These were all taken by me during our visit and as such are unlicensed are free to be used however you see fit.

26 replies »

  1. Depends on your perspective, unless the Ghost Dance really is working.

    I meant to comment on your photos of bicycling through Angor, slipped my mind but was reminded by another photo when reviewing some other traditionally of no connection material: I am always struck by the similarities of the Face in the Gate and what are attributed to be the oldest sculptures of Meso-America. Just looking at the photos, as I have for many years, I am hard-pressed to see the difference.

    Of course the “negroid” features of the Olmec heads blow the white-supremacists notion of survivors of the fall of a great Atlantic civilization right out the window, but they tend to lend credence to accounts I have read of a massive Chinese junk, manned by five hundred sailors and soldiers sailing off into the east to “conquer new lands”. It’s a three-to-five-thousand-year question we never find the answer to.

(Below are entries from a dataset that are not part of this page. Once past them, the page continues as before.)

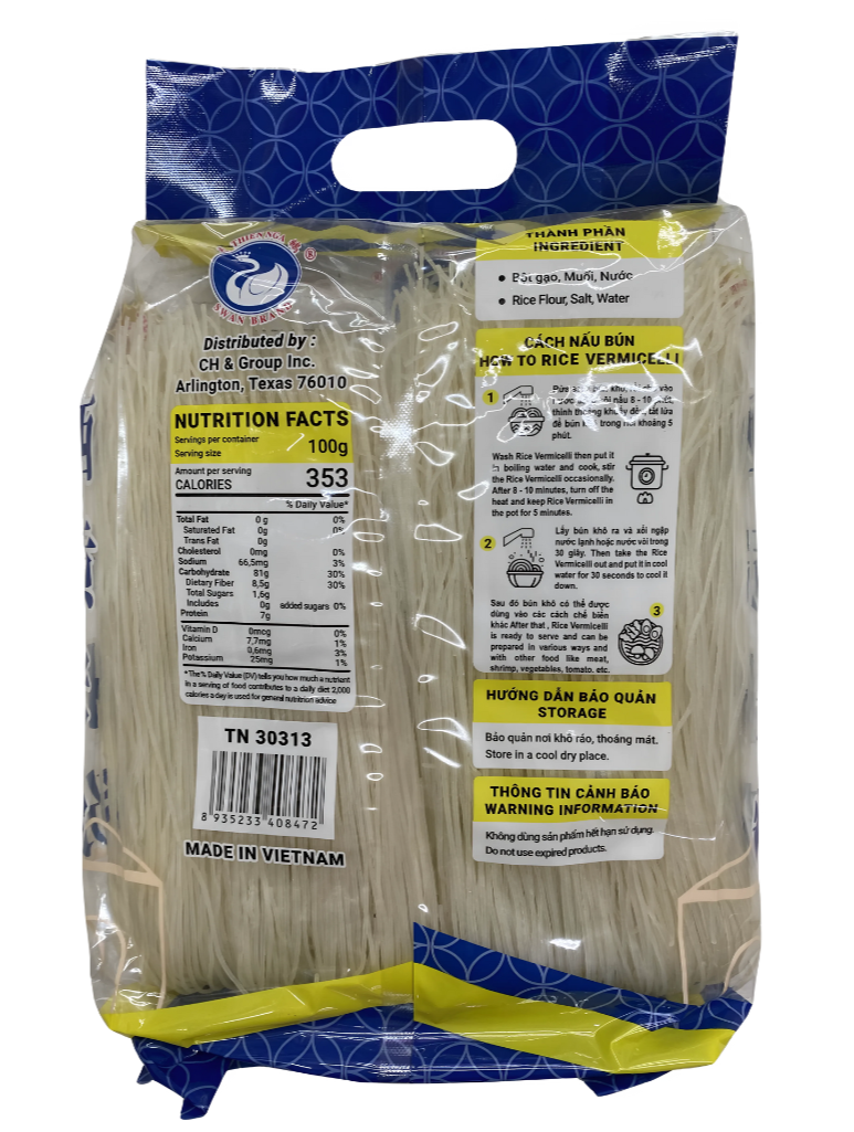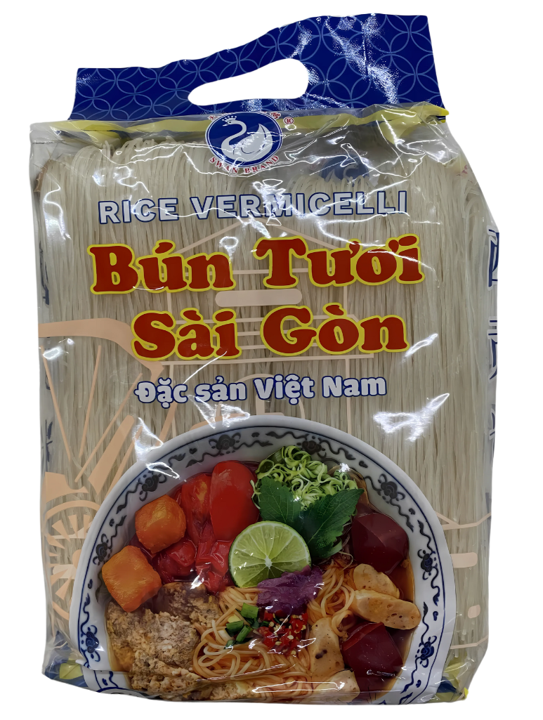 Swan Brand Sai Gon Rice Vermicelli is a versatile and delicate Vietnamese noodle made from finely milled rice. Known for its soft, smooth texture, it is perfect for a wide range of dishes, including stir-fries, salads, and soups. This rice vermicelli is ideal for creating traditional Vietnamese dishes like bún chả or bún thịt nướng, offering an authentic taste and satisfying experience.
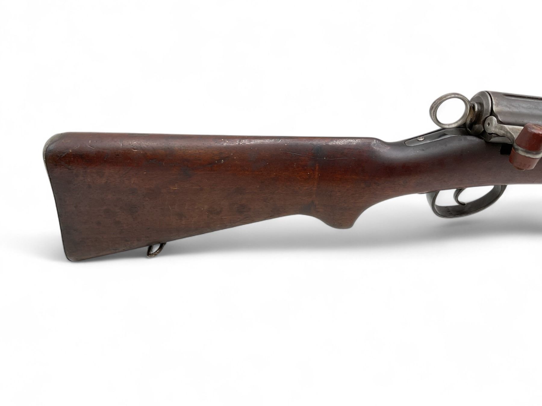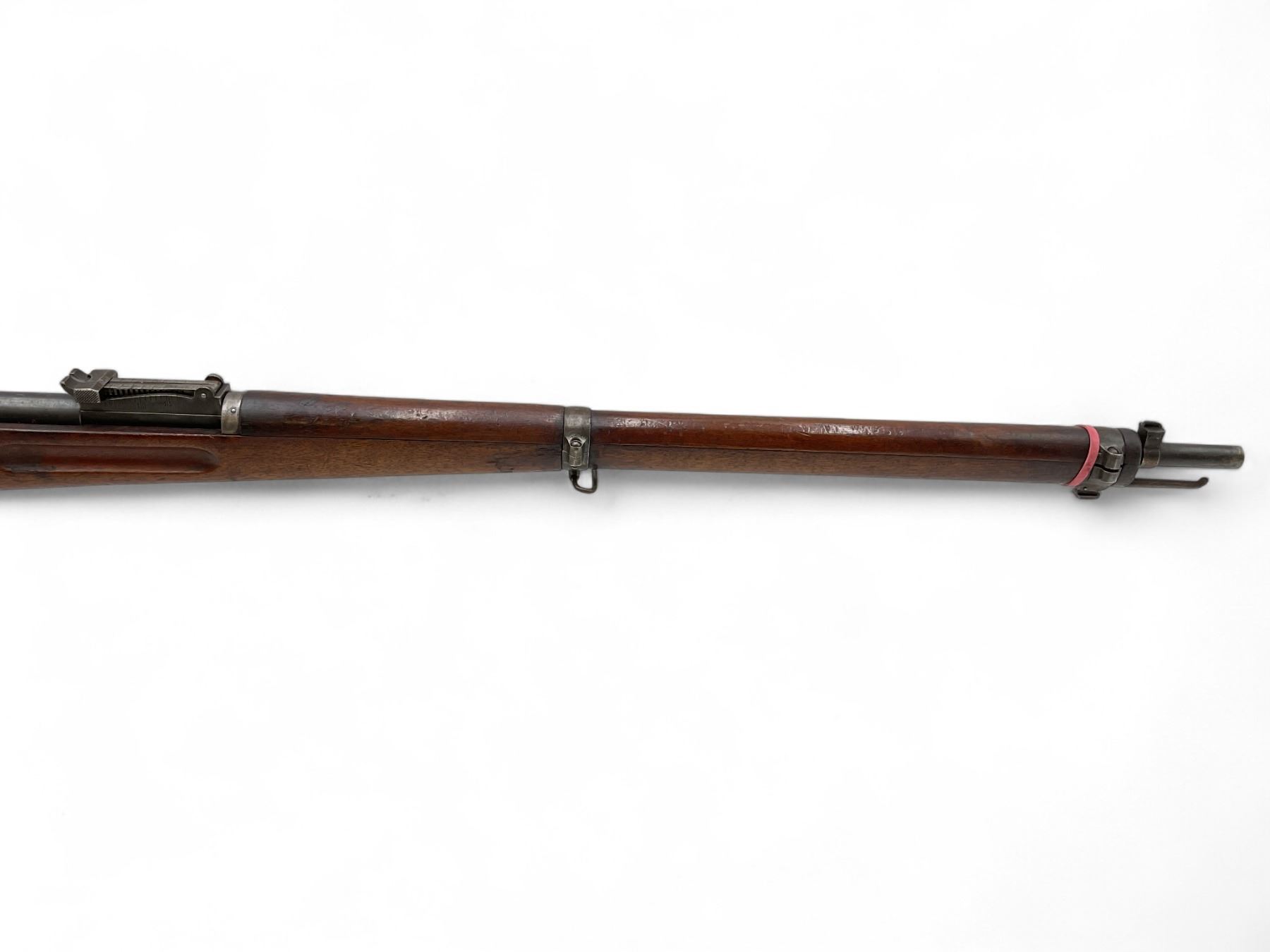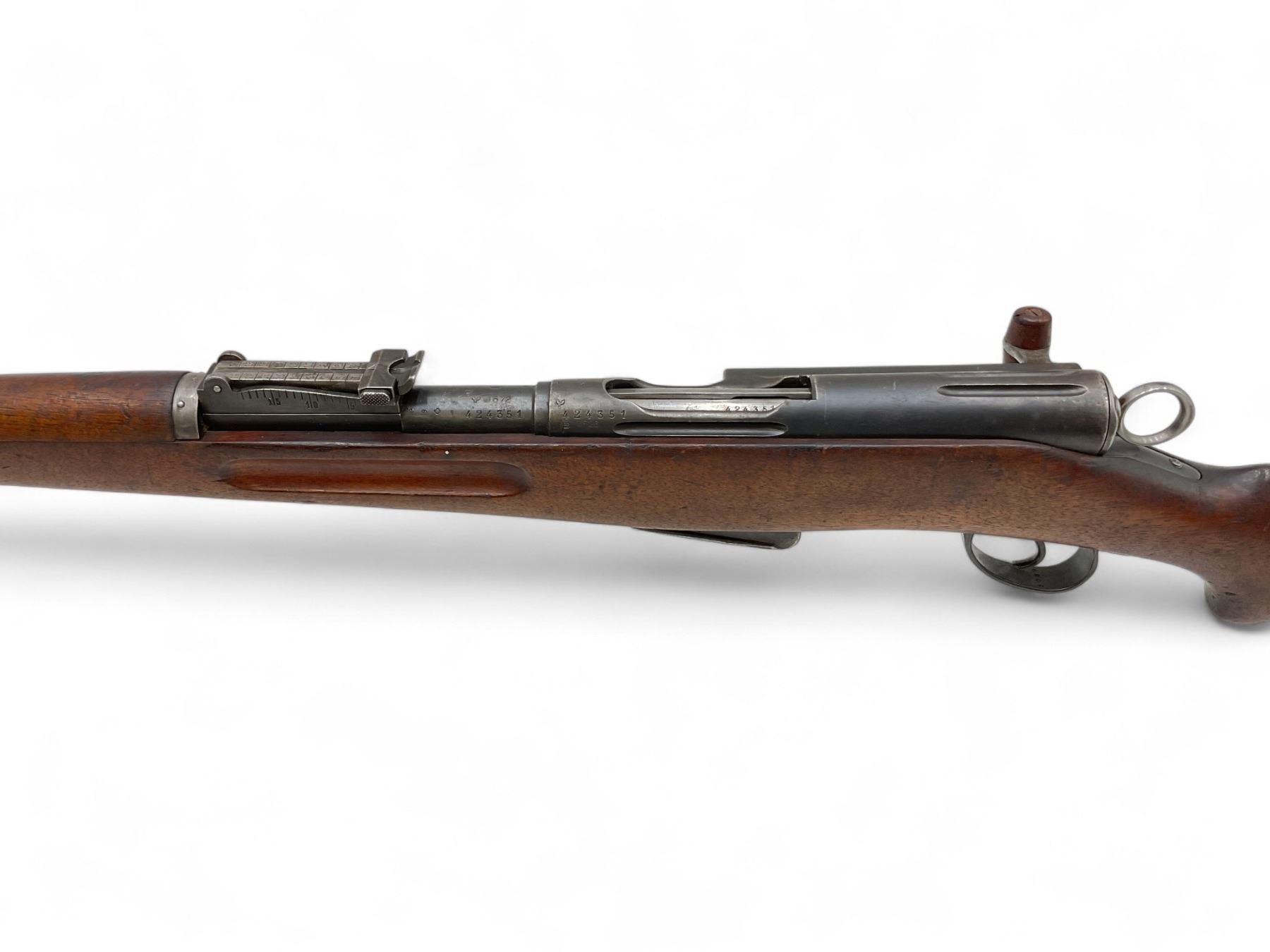 Schmidt Rubin 1911 Straight Pull Rifle 7.5 Swiss 31" Barrel Wood Stock. Comes with one detachable magazine. Fixed front sight, adjustable rear sight. Serial number 424351. This is a non-restricted firearm.
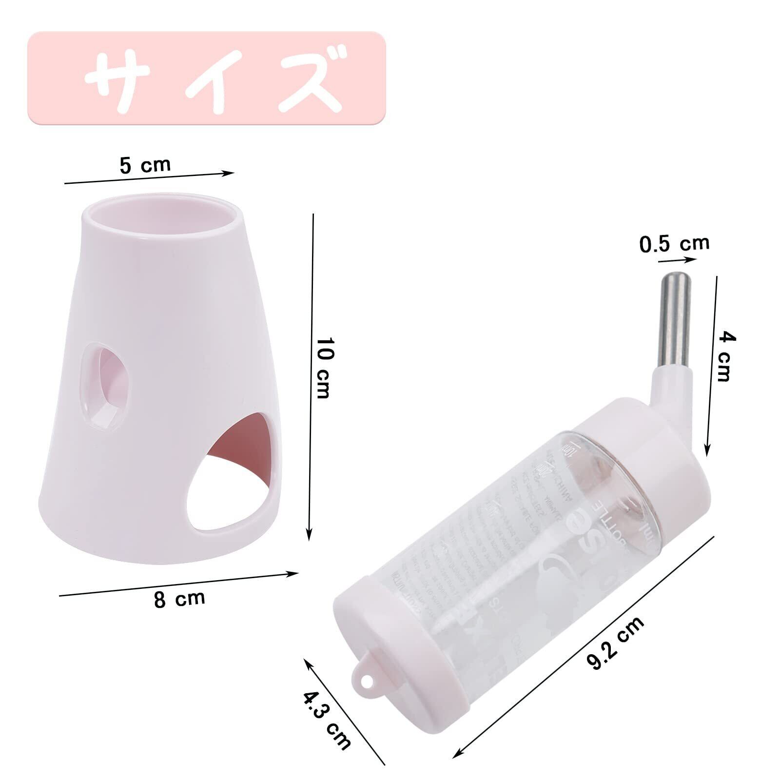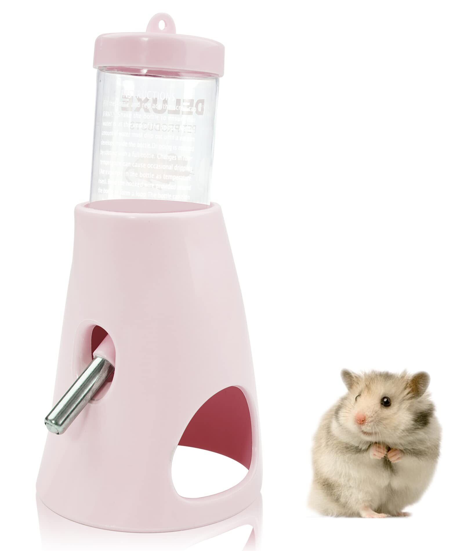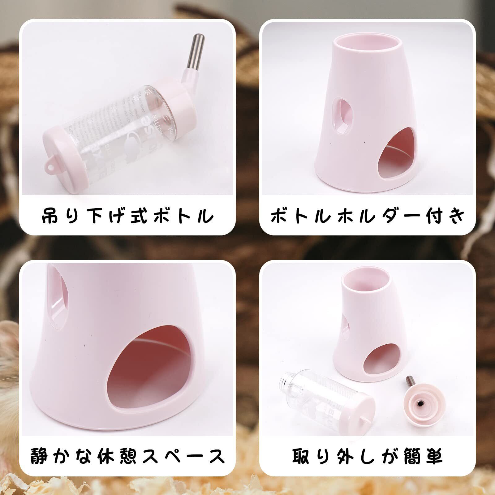 ハリネズミ ハムスター リス 水飲み器 自動給水器 ウォーターボトル ボトル ホルダー付き 水漏れ防止 便利 取り付け簡単 多機能 小動物 飼育ケージ内装 小動物の隠れ家 (ピンク)
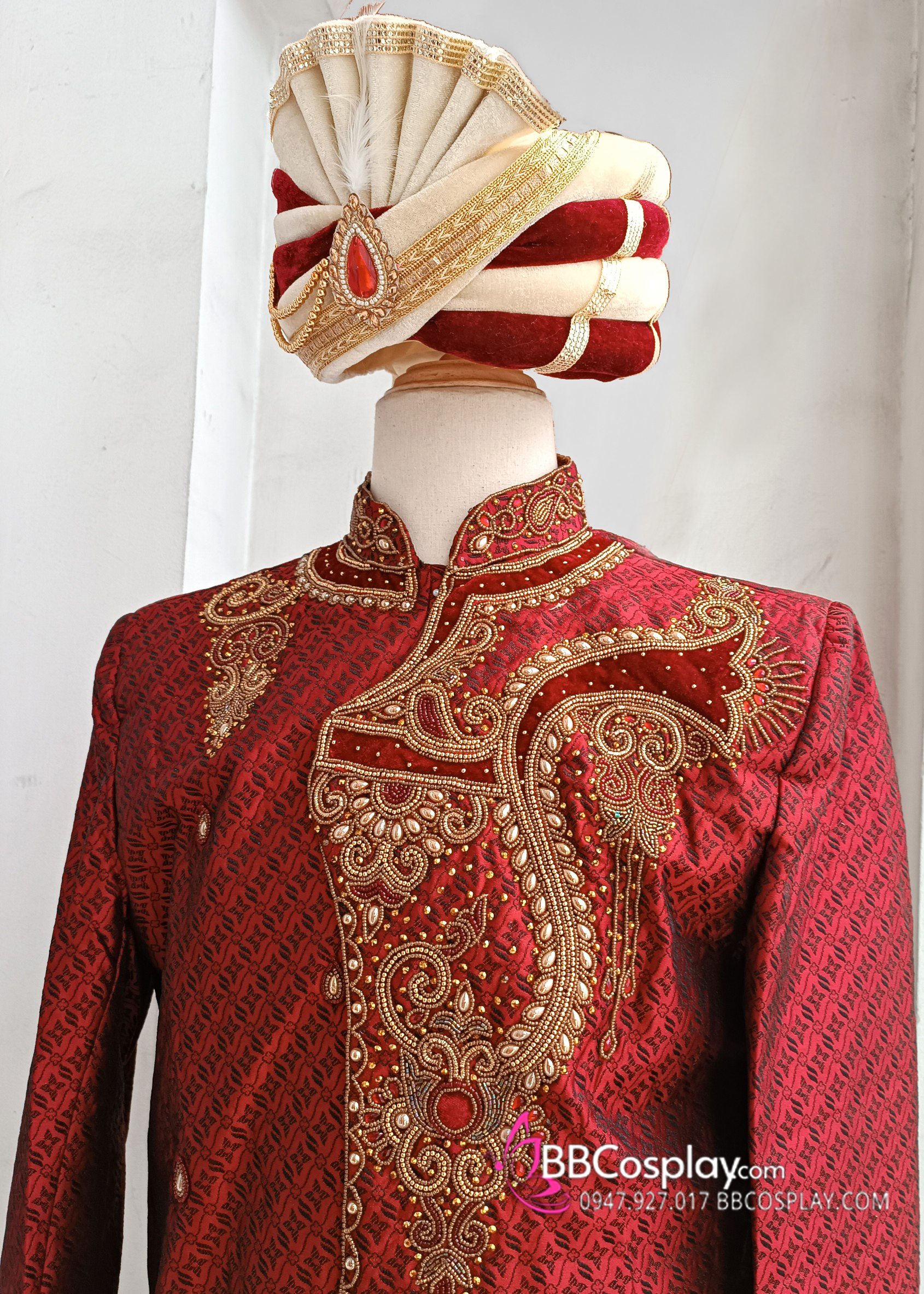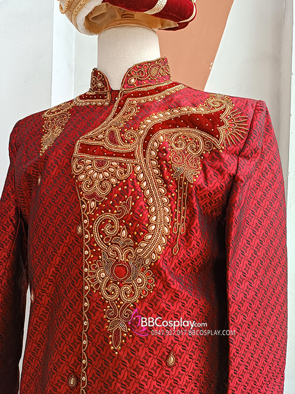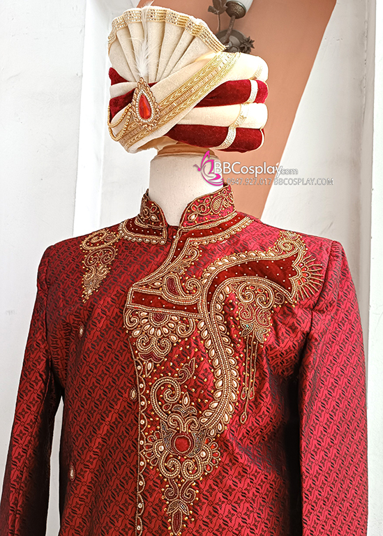 Trang Phục Hoàng Tử Ấn Độ Tone Đỏ Hoàng Gia Kèm Nón
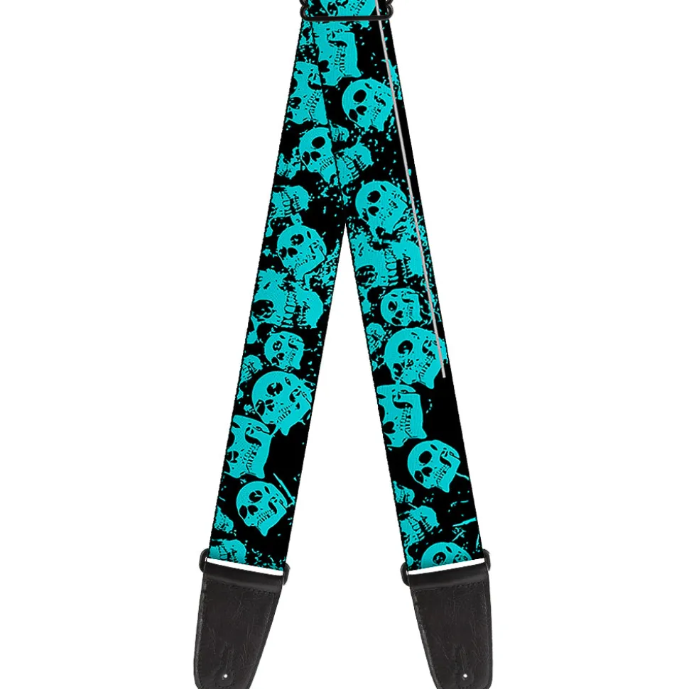 Guitar Strap – Skulls Stacked Weathered Black Teal
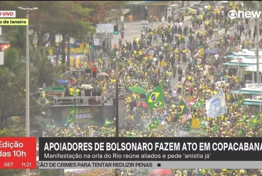 Apoiadores do presidente Bolsonaro se reuniram em atos no dia 7 de setembro, clamando por anistia para aqueles condenados por atos golpistas. Com Bolsonaro em prisão domiciliar, foi uma manifestação sem a presença direta do presidente. No entanto, a manifestação foi expressiva, demonstrando apoio ao líder. Na próxima terça-feira, o STF dará continuidade ao julgamento que pode resultar na condenação do presidente por golpe de Estado e outros quatro crimes graves.
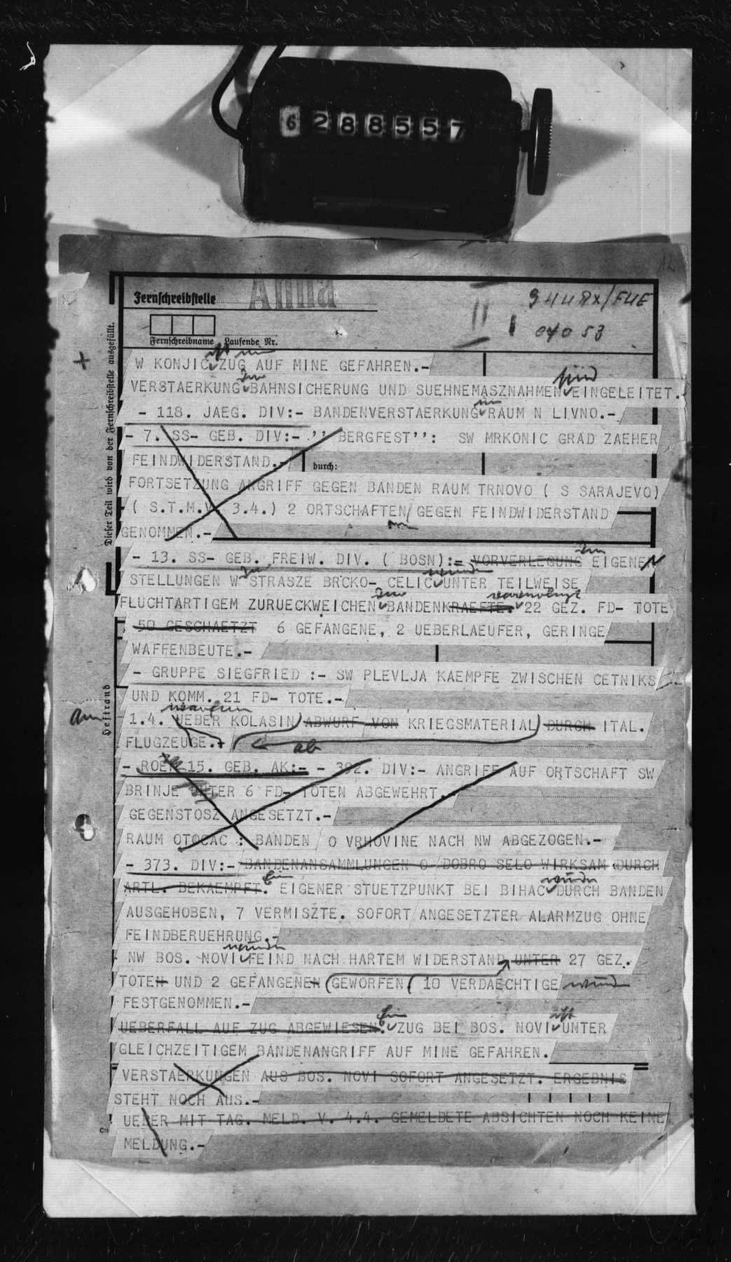 - Broj i vrsta vozila zaplijenjenih od Italijana i njihova raspodjela (uglavnom 7.SS divizija); ukupno zarobljeno 37 ispravnih i 13 neispravnih *manjih tenkova*, i 8 velikih i 3 malih borbenih vozila (*neka su već izgubljena u borbama*) ; 300 kamiona i automobila, od čega samo 70 ispravnih. (frame no. 679)

    Dark days, those were …

    Liked by 1 person

    • Howdy Ten!

      One of the fascinating things about living in Cambodia is the diversity of physical features. After living in South Korea, which is so very homogenous, Viet Nam, which is less homogenous, and South China, only somewhat homogenous, I really noticed the amazing diversity of appearance here. Of course, Cambodia is a crossroads. There are few natural barriers to the movement of people other than the Mekong river. For five thousand years, people have travelled through this region leaving their genetics in the pool.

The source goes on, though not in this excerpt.